Но все эти пути остались где-то позади, князь Юрий вел свой поход в стороне от всех привычных направлений передвижения, в обход больших селений, возникших на концах коротких переволок из одного притока междуречья к другому, он решил пробиться в самые дальние дебри лесного края, они ехали изо дня в день, ехали лунными ночами, ночевали в селах то княжеских, то боярских, иногда и у костров в лесу, потому что не встречали людских жилищ, казалось, что земля эта испокон веков лежит в неприкосновенности, а если и заносила сюда судьба человека, то исчезал он безвозвратно, не оставив после себя никакого следа, разве лишь только потемневшие копны сена на бывших лугах возле речек, но не близостью людской веяло от этих копен, а давней грустью и холодной безнадежностью, ибо никогда не знаешь, кто косит это сено, кто складывает в копны, не знаешь и не отгадаешь, и копны стоят вечно, словно поставленные духами в пустынных снежных долинах, среди безлюдья под холодной зимней луной, и только кони, наверное, знают тайну этих притаившихся копен, когда открывается рост травы летом и речь быстротекущей воды, которая всегда течет в дальнюю даль, а куда и зачем - кто же об этом ведает? Быть может, не ведают даже кони?
В бесконечных изнурительных странствиях своих наткнулись они на необычайное селение.
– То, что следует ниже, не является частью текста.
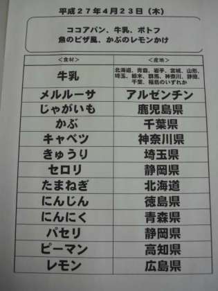 4月23日(木)の給食食材産地について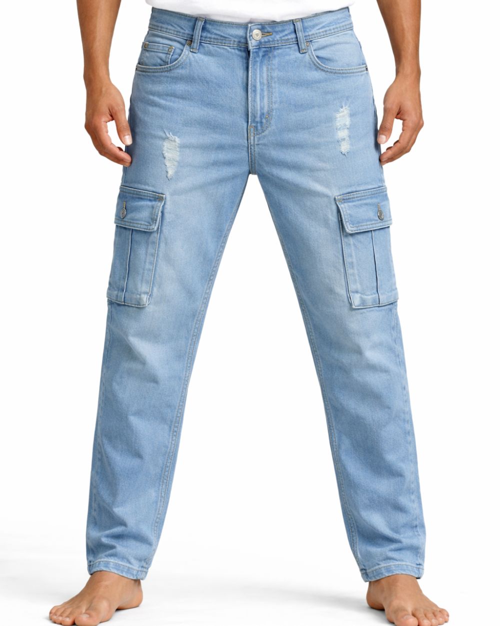 Double Pocket Distressed Light Wash Denim Jeans

Собственно, и не одно, а сразу три селища, соединенные тремя дорогами - нижней, средней и верхней, которые соответственно вели к расположенным на разных уровнях над рекою поселениям, сходясь в долине, заставленной точно такими же копнами слежавшегося сена, какие случались во многих других равнинах, где не слышно было даже людского духа.
Долгорукий, считая селище мерянским, послал вперед гонцов для расспроса, однако они возвратились с известием, что село русское, но ничейное.
- Как это ничейное? - удивился Юрий.
- Ничейное, вацьо, - развел руками княжеский растаптыватель сапог, который тоже ездил разузнавать, ибо старался опередить своего князя всюду, чтобы предостеречь от возможной опасности или же от неприятностей.
- А люди там есть?
- Есть.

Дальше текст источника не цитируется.